- Action item
Among the entries below, copy only the span from the line containing "青いタグ. カスタマイズ可能なラベル. |" through the line containing "Promoción genéricos válida". Do so exactly, and skip the pictures.

- Available records
========

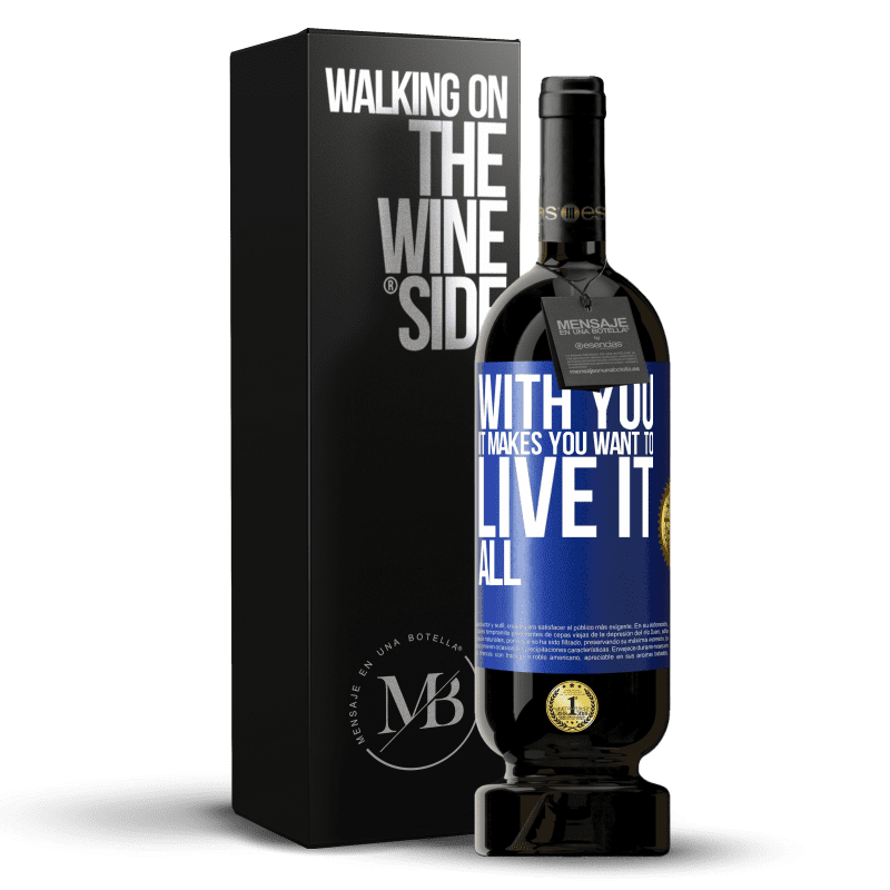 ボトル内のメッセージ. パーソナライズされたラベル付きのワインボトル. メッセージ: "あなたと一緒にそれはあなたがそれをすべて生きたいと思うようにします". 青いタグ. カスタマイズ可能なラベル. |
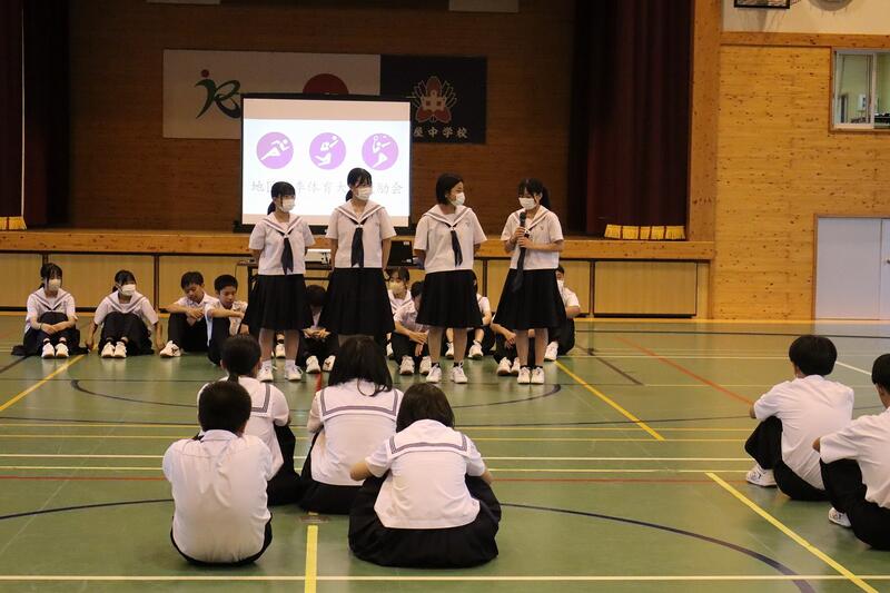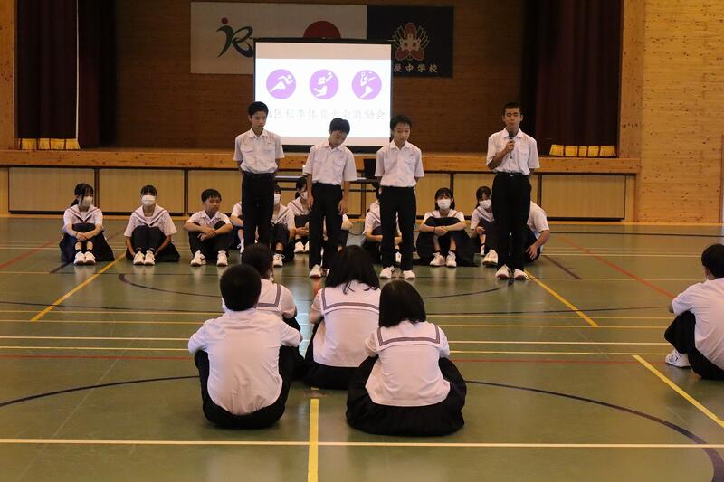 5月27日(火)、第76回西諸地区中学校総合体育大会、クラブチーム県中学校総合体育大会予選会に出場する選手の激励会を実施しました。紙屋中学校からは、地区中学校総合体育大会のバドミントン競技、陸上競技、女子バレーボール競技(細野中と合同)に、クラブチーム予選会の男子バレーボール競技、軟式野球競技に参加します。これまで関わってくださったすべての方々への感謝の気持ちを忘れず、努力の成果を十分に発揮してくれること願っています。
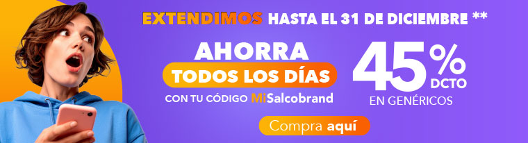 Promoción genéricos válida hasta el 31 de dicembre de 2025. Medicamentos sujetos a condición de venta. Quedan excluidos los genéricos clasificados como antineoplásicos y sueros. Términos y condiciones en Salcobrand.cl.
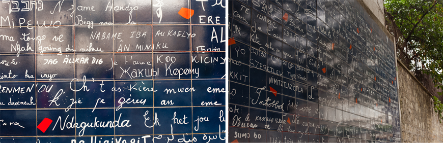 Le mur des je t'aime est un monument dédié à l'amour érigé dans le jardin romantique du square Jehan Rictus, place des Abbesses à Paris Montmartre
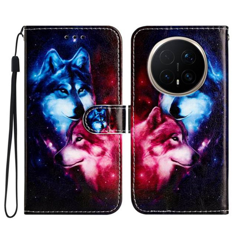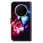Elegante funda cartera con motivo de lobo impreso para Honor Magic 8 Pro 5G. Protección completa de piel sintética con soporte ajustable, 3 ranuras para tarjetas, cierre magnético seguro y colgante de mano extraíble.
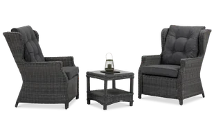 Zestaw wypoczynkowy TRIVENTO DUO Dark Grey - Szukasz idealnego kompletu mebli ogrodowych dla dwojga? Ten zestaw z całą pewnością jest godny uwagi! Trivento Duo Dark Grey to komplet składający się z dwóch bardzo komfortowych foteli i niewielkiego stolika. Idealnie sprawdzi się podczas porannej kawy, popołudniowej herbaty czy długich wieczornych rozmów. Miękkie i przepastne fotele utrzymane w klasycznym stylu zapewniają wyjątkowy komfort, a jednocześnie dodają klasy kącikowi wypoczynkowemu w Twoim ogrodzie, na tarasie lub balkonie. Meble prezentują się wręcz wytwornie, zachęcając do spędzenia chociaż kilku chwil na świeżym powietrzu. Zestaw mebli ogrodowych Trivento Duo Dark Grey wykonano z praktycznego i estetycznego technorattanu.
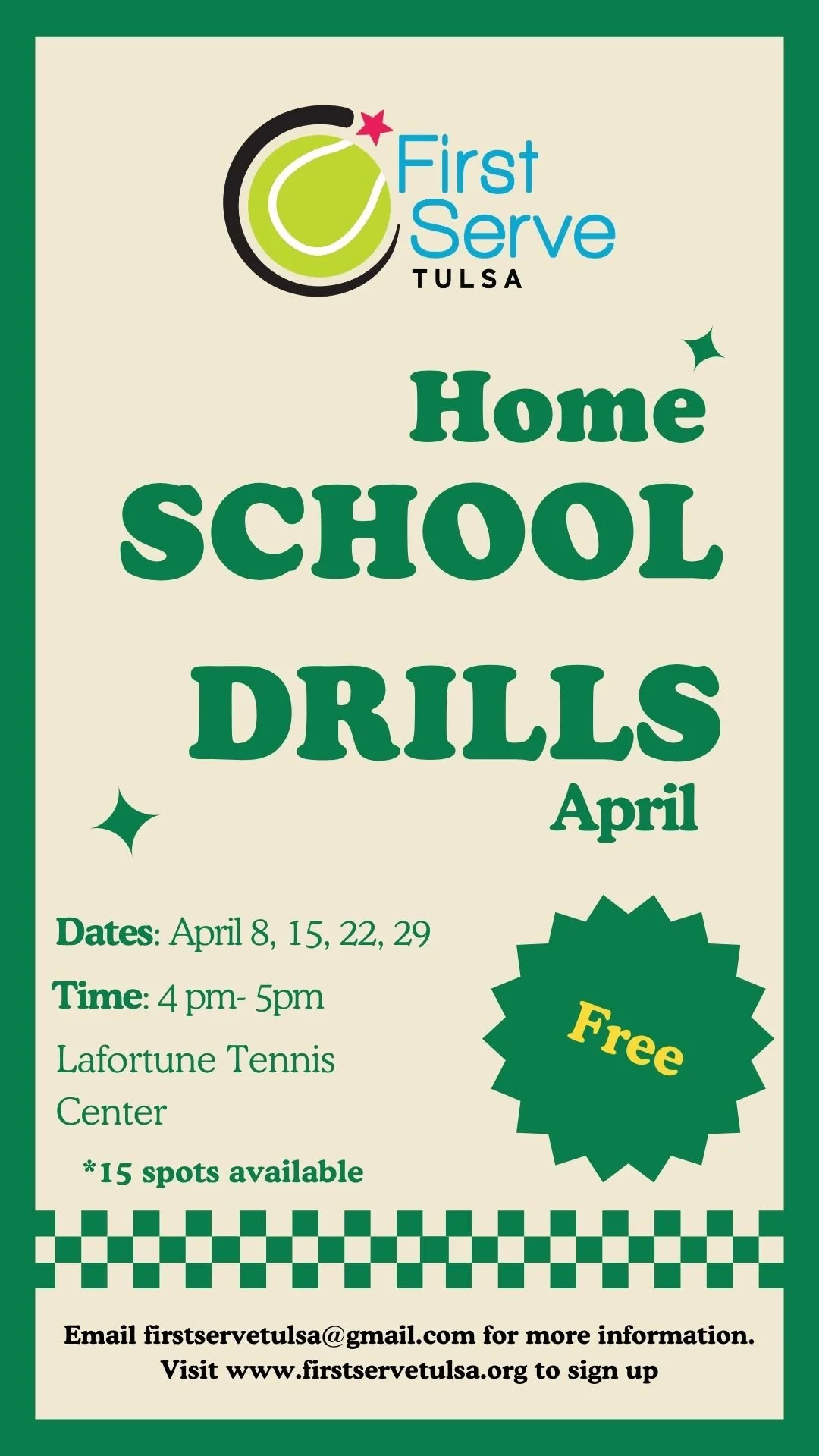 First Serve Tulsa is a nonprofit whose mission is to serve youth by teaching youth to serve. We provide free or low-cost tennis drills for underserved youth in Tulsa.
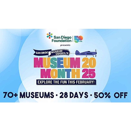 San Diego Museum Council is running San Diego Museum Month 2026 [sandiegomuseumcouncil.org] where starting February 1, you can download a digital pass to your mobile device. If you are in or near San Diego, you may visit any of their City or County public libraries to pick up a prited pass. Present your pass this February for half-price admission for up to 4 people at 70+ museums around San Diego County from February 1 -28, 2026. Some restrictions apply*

========

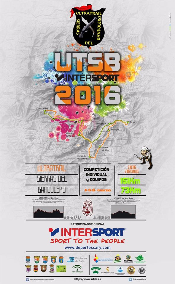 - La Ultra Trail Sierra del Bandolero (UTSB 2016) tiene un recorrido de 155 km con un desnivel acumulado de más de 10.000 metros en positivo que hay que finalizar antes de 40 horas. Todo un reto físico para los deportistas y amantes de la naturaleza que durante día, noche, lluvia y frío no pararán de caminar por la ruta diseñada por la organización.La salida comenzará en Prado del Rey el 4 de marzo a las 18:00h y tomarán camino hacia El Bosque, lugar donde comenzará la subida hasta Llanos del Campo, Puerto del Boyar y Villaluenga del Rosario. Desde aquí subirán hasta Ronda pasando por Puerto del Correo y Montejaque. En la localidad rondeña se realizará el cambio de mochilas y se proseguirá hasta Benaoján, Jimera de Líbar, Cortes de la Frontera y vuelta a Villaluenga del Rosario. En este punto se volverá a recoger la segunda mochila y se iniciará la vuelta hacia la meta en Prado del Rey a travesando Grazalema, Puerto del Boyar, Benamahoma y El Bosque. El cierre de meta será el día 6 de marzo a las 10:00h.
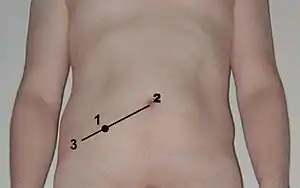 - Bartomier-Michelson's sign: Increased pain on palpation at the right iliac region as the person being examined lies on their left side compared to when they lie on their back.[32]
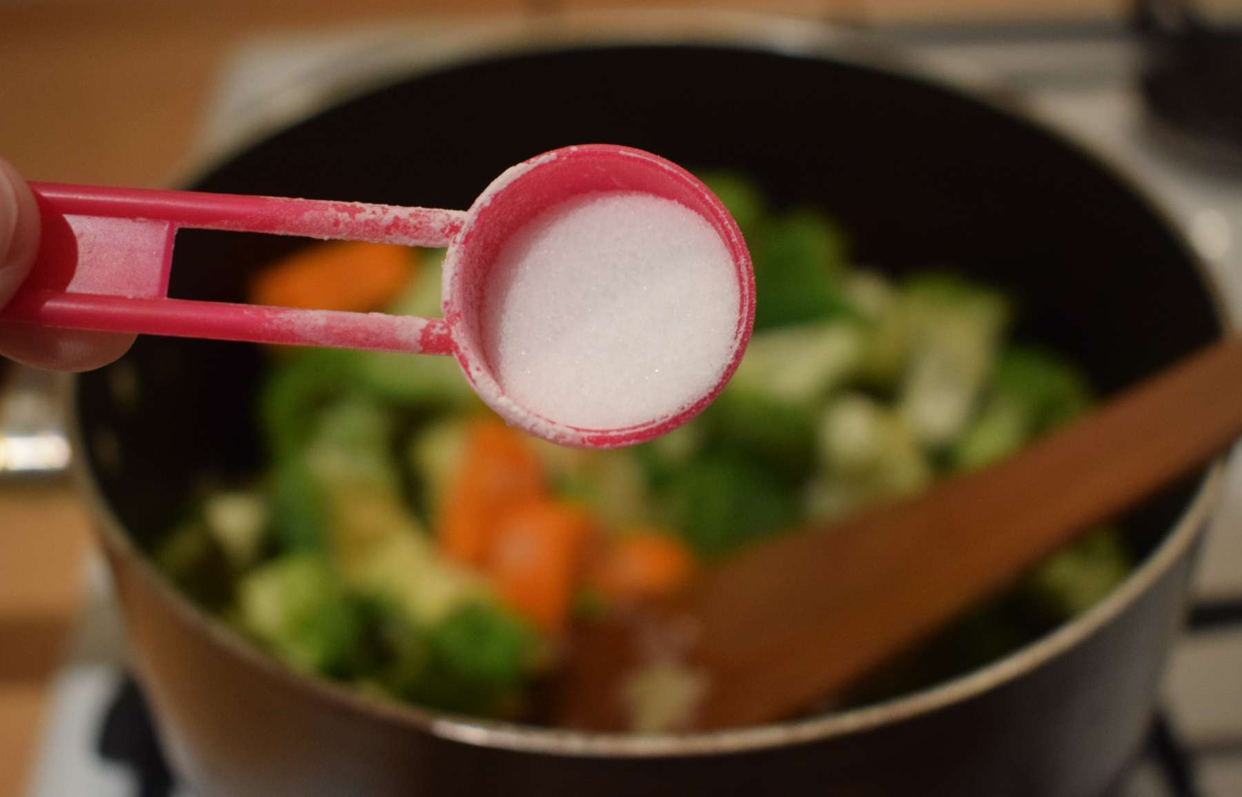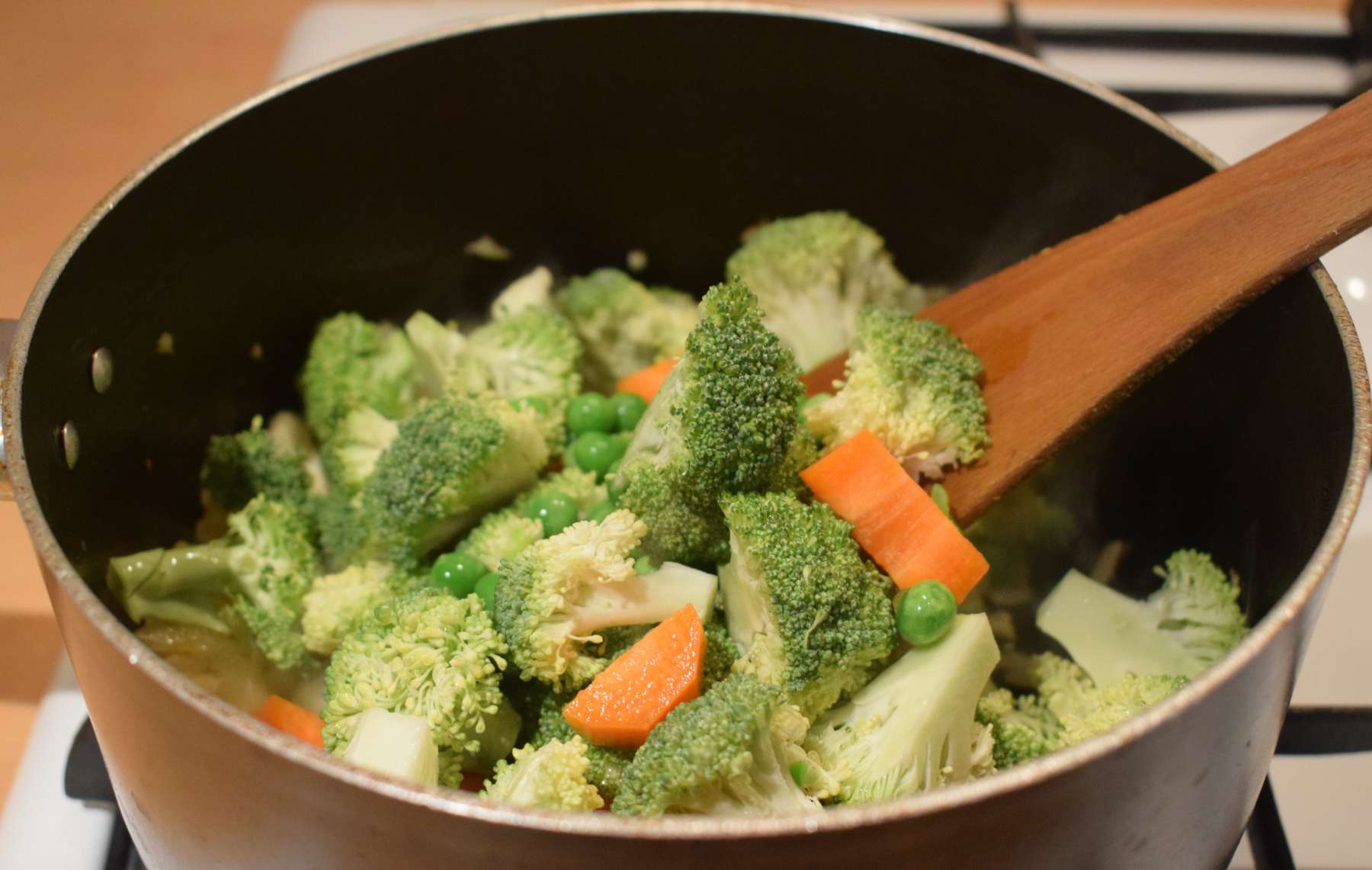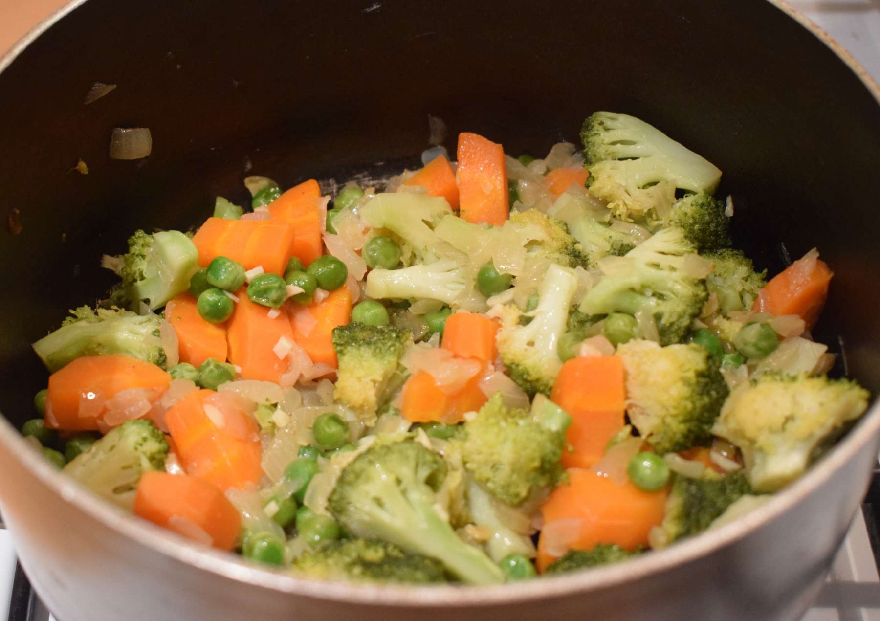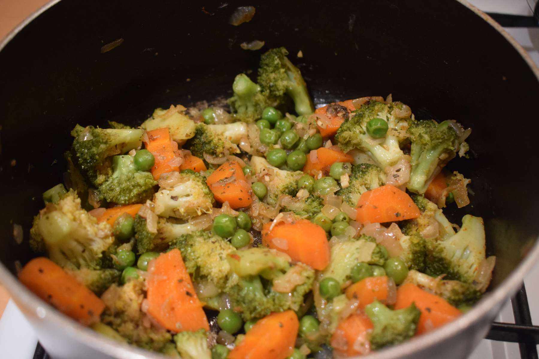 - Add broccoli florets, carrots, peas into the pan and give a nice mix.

========

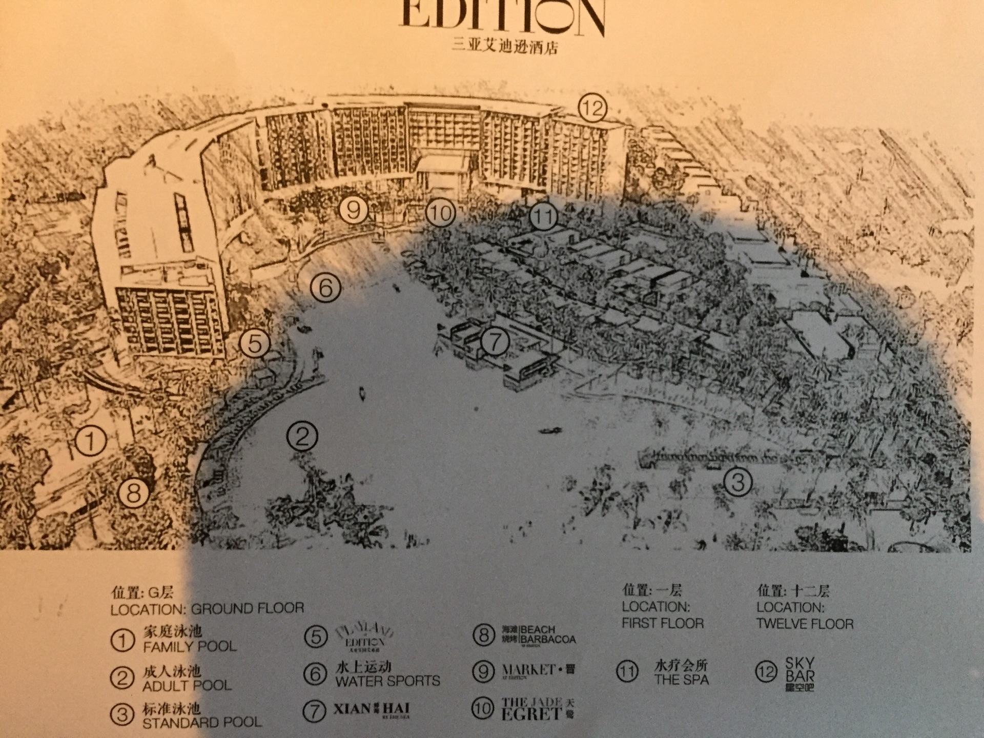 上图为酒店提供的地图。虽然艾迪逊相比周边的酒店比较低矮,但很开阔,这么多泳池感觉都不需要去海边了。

========

- Written response
 ボトル内のメッセージ. パーソナライズされたラベル付きのワインボトル. メッセージ: "あなたと一緒にそれはあなたがそれをすべて生きたいと思うようにします". 青いタグ. カスタマイズ可能なラベル. |
 5月27日(火)、第76回西諸地区中学校総合体育大会、クラブチーム県中学校総合体育大会予選会に出場する選手の激励会を実施しました。紙屋中学校からは、地区中学校総合体育大会のバドミントン競技、陸上競技、女子バレーボール競技(細野中と合同)に、クラブチーム予選会の男子バレーボール競技、軟式野球競技に参加します。これまで関わってくださったすべての方々への感謝の気持ちを忘れず、努力の成果を十分に発揮してくれること願っています。
 Promoción genéricos válida hasta el 31 de dicembre de 2025. Medicamentos sujetos a condición de venta. Quedan excluidos los genéricos clasificados como antineoplásicos y sueros. Términos y condiciones en Salcobrand.cl.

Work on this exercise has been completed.